/ @revistapurgante
Desde el primer encuentro, aquella ciudad se siente llena de vida. El sol en el Medio Oriente da un aspecto sepioso a la atmósfera. Los bazares me recuerdan a un jueves de tianguis en mi antigua colonia, con bullicio por doquier, y un griterío de gangas por aquí y allá, pero en árabe esta vez.
Estamos en el taxi, atrapados en el tráfico en un segundo piso vial. El asiento del conductor está cubierto con la playera del Liverpool de Mohammed Salah, la leyenda del fútbol egipcia. Lástima la barrera del idioma que imposibilita la charla con el taxista, pensé. El calor es bochornoso pero el entorno caóticamente fascinante; nuevo para mí, aunque de alguna forma bastante conocido. El ruido es el propio del de una gran metrópoli. Se escucha de fondo el Adhan (llamado al rezo musulmán), cláxones, música, gente, voces, vida.
Desde aquel segundo piso se pueden observar las pirámides de Giza, a lo lejos. Nos estamos acercando. Vaya vista. Estoy parada enfrente de ellas y me cuesta asimilar que a mis espaldas se encuentra esa gran ciudad llena de caos y de frente, el símbolo más emblemático de las dinastías del Antiguo Egipto.
Vendedores ambulantes te ofrecen un paseo en caballo o camello, recuerdos, fotos, comida, de todo. De pronto, la idea de subirme a un camello a pasear por la gran Necrópolis me sonó bastante atractiva. Pasamos el día con fotos aquí y allá, y charlando amenamente con nuestro guía Alí, quien tiene los ojos azules turquesa más hermosos que vi. Su madre era inglesa, pero nunca la conoció. De ahí los genes.

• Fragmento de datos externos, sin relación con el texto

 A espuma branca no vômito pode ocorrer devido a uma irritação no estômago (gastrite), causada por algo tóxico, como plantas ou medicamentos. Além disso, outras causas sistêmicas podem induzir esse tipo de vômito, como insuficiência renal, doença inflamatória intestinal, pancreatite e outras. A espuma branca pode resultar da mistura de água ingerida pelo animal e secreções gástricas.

Cerca del cierre del sitio arqueológico, Alí nos ofrece ir a un lugar especial para disfrutar una vista panorámica del atardecer. Decidimos apresurados, en realidad yo quería ver la Esfinge una vez más y ahondar en el paradero de la nariz destruida de la estatua, pero para cuando me di cuenta, los camellos ya iban andando a todo galope en dirección opuesta. Así es como veo que nos vamos alejando de las pirámides y estamos fuera del recinto.
Alí se sube de golpe a mi camello para acelerar el paso. A las afueras del recinto, nos encontramos con una versión mucho más cruda de Giza, supongo que más cercana a la realidad. Pareció un desfile eterno por aquellas calles, y voy sintiendo la mirada profunda de los hombres y también de un par de mujeres que van cubiertas en burkas. Ellas me miran con desprecio e incluso me avientan un par de conjuros. Después de todo, soy una mujer con la cabeza y hombros completamente descubiertos que va sosteniéndose del torso de otro hombre que no es su esposo. Alí quería mostrarnos una bonita postal de Giza y más bien nos mostró un poco de cómo se vive -realmente- la vida en su mundo. De sus carencias y sus creencias. Un tanto alejado de lo que percibe el ojo turístico.
Por la noche me reuní con Chadene, mi amiga egipcia, en un bar ubicado en el Nuevo Cairo, a cincuenta minutos de taxi del centro. Distancias propias de una ciudad donde caben 20 millones de habitantes. Bebimos un par de cócteles, claro que cubriendo el -altísimo- debido impuesto que se tiene que pagar por consumir alcohol en un país musulmán. Las mujeres en aquel bar radiaban cierta libertad en sus movimientos, atuendos y forma de hablar. Las amigas de Chadene son profesionistas, artistas y musulmanas por nacimiento, con un estatuto social por encima de la media, el cual les otorga acceso a la educación y la posibilidad de tener una visión distinta del mundo. En ese panorama, la religión se ha adaptado a sus necesidades y no a la inversa.
Me encontraba en un lugar completamente distinto. Transcurrió el día y la noche. De vuelta en mi cama pensaba que después de todo, el mundo está lleno de contrastes: es misterioso y en él todo es posible.